Berberine is known for its ability to promote intestinal health as well as support the health of the liver. Many people use it for digestive purposes, but it also has the potential to encourage weight loss.
The compound has been researched and found to slightly reduce food consumption in mice. Even more promising, though, is that berberine has been proven to increase the mice’s energy levels and performance in a laboratory setting. Finally, some studies have shown that berberine can reduce body fat in animals.
Although more research is needed before human trials, these findings make berberine an interesting target for weight loss efforts.
How Does Berberine Work?
Berberine is one of the isoquinoline alkaloids, which are naturally present in many plants. The alkaloid has been shown to target the gut microbes that cause obesity. When consumed by the mice, berberine encourages the growth of bacteria that help produce butyrate, a compound that reduces intestinal permeability and blood cholesterol levels – both of which contribute to heart health.
The compound also interferes with the activity of a particular enzyme, lipase, which breaks down fats within the body. This ability makes it a notable contender for weight loss as it prevents the conversion of adipose tissue to fat, hence its anti-obesity properties.
How Much Weight Can You Lose With Berberine?

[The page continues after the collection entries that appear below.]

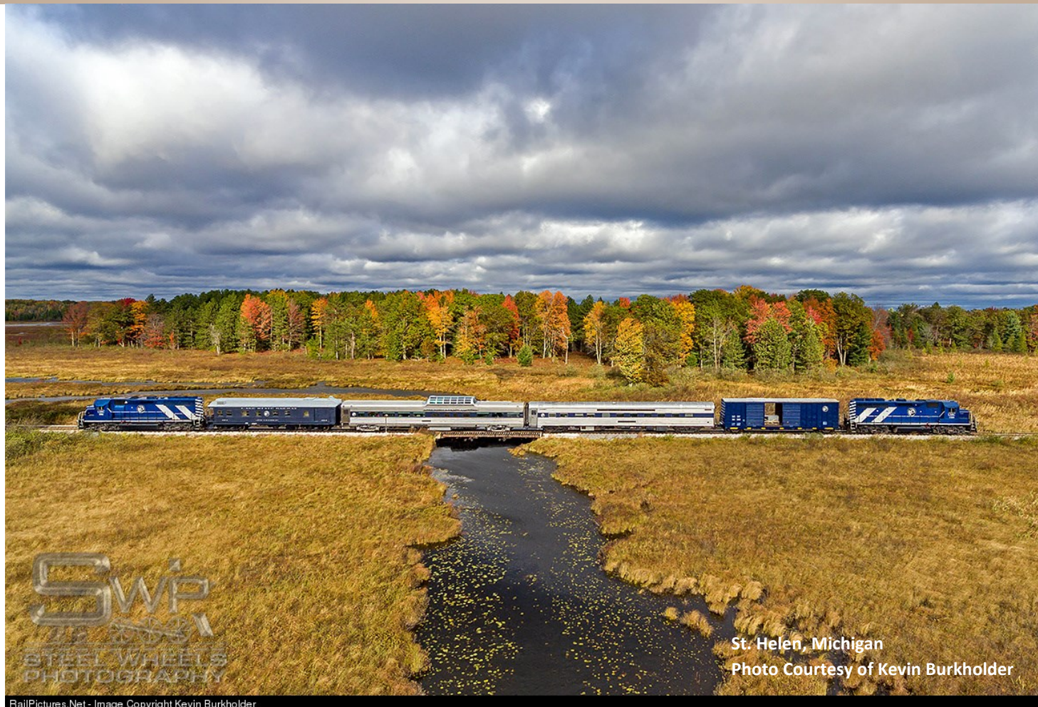
St. Helen, Michigan
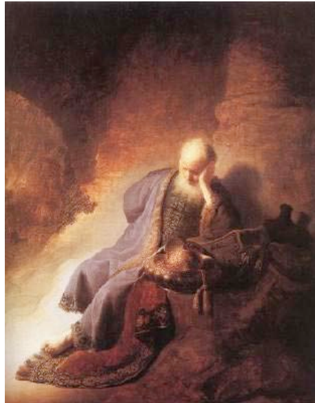
Jeremiah - Lamenting the Destruction of Jerusalem Rembrandt

The Haftorah is read from the book of Yirmiyahu (Jeremiah), 46: 13-28
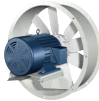
AX Short Casing
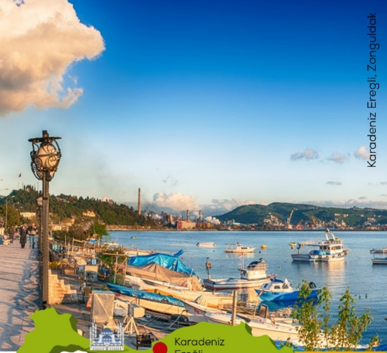
Karadeniz Ereğli, Zonguldak

Although the compound’s ability to reduce food consumption in mice has not yet been proven in humans, its impact on weight loss is intriguing. The scientific community has coined the term ‘berberine therapy’ to describe the use of the compound to treat obesity in animals, and preliminary studies in humans show that it may be an effective therapy for this condition. Additionally, some studies suggest that taking berberine could help improve depression symptoms.
A few well-conducted clinical trials have examined the impact of berberine on obesity and found that the compound can reduce body weight in humans. The results were promising, with participants losing an average of 2.7 kg following 12 weeks of treatment.
Additionally, some studies have shown that berberine intake can reduce body fat mass and improve lipid profiles in animals – both of which are desirable in people. Further trials are needed to determine the isoquinoline alkaloid’s effectiveness in humans, however.
Like many other weight loss supplements, berberine carries a few safety concerns that must be considered.
Firstly, people with acute kidney injury, congestive heart failure, and liver dysfunction should avoid taking this ingredient. Secondly, the compound has a poor bioavailability when taken orally – it is almost entirely absorbed in the gut and rarely reaches the bloodstream. Finally, individuals taking prescription blood thinners or with a history of cardiovascular disease should not take berberine as it may increase their risk of bleeding.
Dosage And Considerations
The compound is most effective when consumed in a powdered or tablet form along with food – especially high-fat meals. It is usually recommended to take 1 gram of the product twice a day with food. Some research has shown that berberine can be more effective when combined with other weight loss supplements.
The compound is generally well-tolerated by humans, with mild side effects including diarrhea, abdominal discomfort, and flatulence being the most common. The safety of the compound has not yet been established in pregnant women or children.
If you’re looking for an inexpensive, easy, and safe way to lose weight, then berberine is a good option – especially if you’re prone to digestive issues or have a history of liver disease. Because of its ability to improve health and reduce weight, the compound has become quite popular among people on social media who are trying to lose a few pounds – particularly those who are committed to doing so without drugs or supplements.
Although more research is needed to establish its effectiveness in humans, berberine may be a good choice for people seeking to improve their health – particularly those who are prone to obesity or have a family history of the condition. If you’re not sure whether or not this compound is right for you, then it is best to consult with your personal physician.